Python scalability: A convenient truth
Despite Python's popularity throughout the data-engineering and data science workflow, the principles behind its performance and scaling behavior are less understood. Travis Oliphant explains best practices and modern tools to scale Python to larger-than-memory and distributed workloads without sacrificing its ease of use or being forced to adopt heavyweight frameworks.

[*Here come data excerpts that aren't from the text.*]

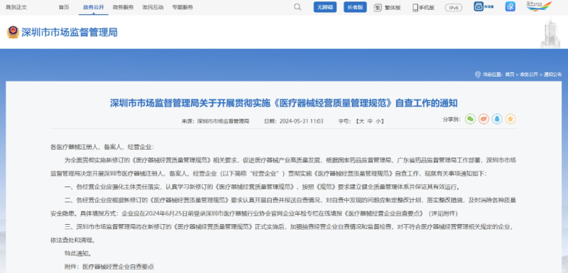 一、各經(jīng)營企業(yè)應(yīng)強(qiáng)化主體責(zé)任落實(shí),認(rèn)真學(xué)習(xí)新修訂的《規(guī)范》,按照《規(guī)范》要求建立健全質(zhì)量管理體系并保證其有效運(yùn)行。 二、各經(jīng)營企業(yè)應(yīng)根據(jù)新修訂的《規(guī)范》要求認(rèn)真開展自查并報(bào)送自查情況,對(duì)自查中發(fā)現(xiàn)的問題應(yīng)制定整改計(jì)劃,落實(shí)整改措施,及時(shí)消除各種質(zhì)量安全隱患。具體填報(bào)方式:企業(yè)應(yīng)在2024年6月25日前登錄深圳市醫(yī)療器械行業(yè)協(xié)會(huì)官網(wǎng)企業(yè)年檢專欄在線填報(bào)《醫(yī)療器械經(jīng)營企業(yè)自查要點(diǎn)》(詳見附件)。 三、深圳市市場(chǎng)監(jiān)督管理局將在新修訂的《規(guī)范》正式實(shí)施后,加強(qiáng)抽查經(jīng)營企業(yè)自查情況和監(jiān)督檢查,對(duì)不符合醫(yī)療器械經(jīng)營管理相關(guān)規(guī)定的企業(yè),依法查處和清理。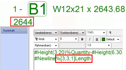 In Advance Steel werden die Einheiten für jedes Modell, jede Zeichnung und jede Liste definiert. Dies bedeutet, dass eine Zeichnung eine bestimmte Einstellung für die Einheiten und für die Genauigkeit enthält. In bestimmten Fällen ist es erforderlich, eine andere Genauigkeit oder Einheit für ein einzelnes Element einzustellen. Dies ist in Advance Steel möglich, indem Sie nur für eine Beschriftung eine andere Einheit und Genauigkeit definieren. Um dies zu erreichen, müssen Sie zum Token die Ergänzung [1,2,3] hinzufügen, z. B. für das Token %Länge wäre dies %[1,2,3]Länge, wobei die 1, 2, 3 durch die erforderlichen Schlüssel aus den Einheitentabellen in AstorBase ersetzt werden.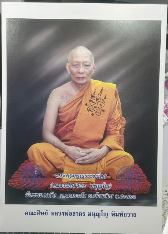 ๑.รูปภาพหลวงพ่อสาคร หลังโค้ดตรายาง ขนาด 8 นิ้ว * 12 นิ้ว (ขนาด A4 )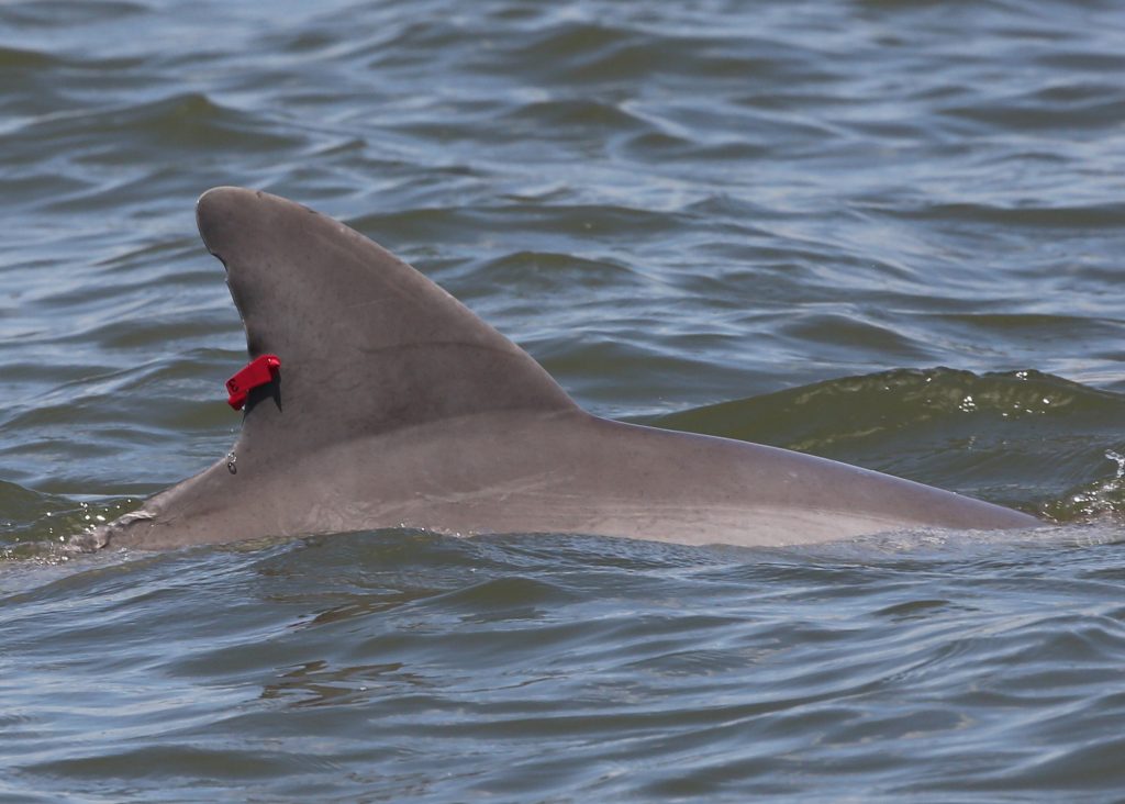 The dolphin exhibited deteriorated body condition, and worsening skin lesions. There is only a small area at the mouth of the creek where salinity levels are suitable for dolphins. Moving west in the creek, it becomes freshwater.  In consultation with NOAA Fisheries a rescue took place involving many collaborators.  During the rescue, we discovered that one of the dolphin’s flippers was badly entangled in fishing line. The gear was removed and wounds treated by a skilled veterinarian. Fortunately, the dolphin was otherwise healthy.The young dolphin was immediately relocated back to its usual habitat in the Halifax River. After two hours we were beyond thrilled to observe the young dolphin socializing with other dolphins and reuniting with her mother.

Talk Title | Python scalability: A convenient truth |
Speakers | Travis Oliphant (Continuum Analytics) |
Conference | Strata + Hadoop World |
Conf Tag | Big Data Expo |
Location | San Jose, California |
Date | March 29-31, 2016 |
URL | Talk Page |
Slides | Talk Slides |
Video | |
Python is the fastest-growing data science language and is used in production at many of the Fortune 500 companies for everything from software engineering to data engineering to rapid analytics. Despite its easy-to-learn nature and its simple syntax, Python packs surprising amounts of power and performance right out of the box. For instance, many of the newest innovations in the big data ecosystem, such as columnar storage, dataflow programming, and stream processing, can all be expressed in a relatively straightforward manner using Python. Unfortunately, it is also very easy to implement Python in ways that impede its ability to scale. For instance, many Hadoop practitioners fail to consider the implications of serialization overhead when interfacing with tools like R and Python. Others may simply be unaware of the facilities in Python to manage multicore and larger-than-memory workloads and assume that they have to move to complex distributed computing the instant they hit a memory barrier. Travis Oliphant covers the basic concepts that lie at the heart of Python’s scalability and power and defuses myths about its performance limits. Travis looks at a few of the common antipatterns that tend to crop up as people integrate Python with Hadoop and Spark and take it into production-deployment environments. Travis will demonstrate examples of real-world code and scenarios where orders-of-magnitude performance improvement can be achieved by using better data-management techniques and artfully applying modern Python libraries for performance.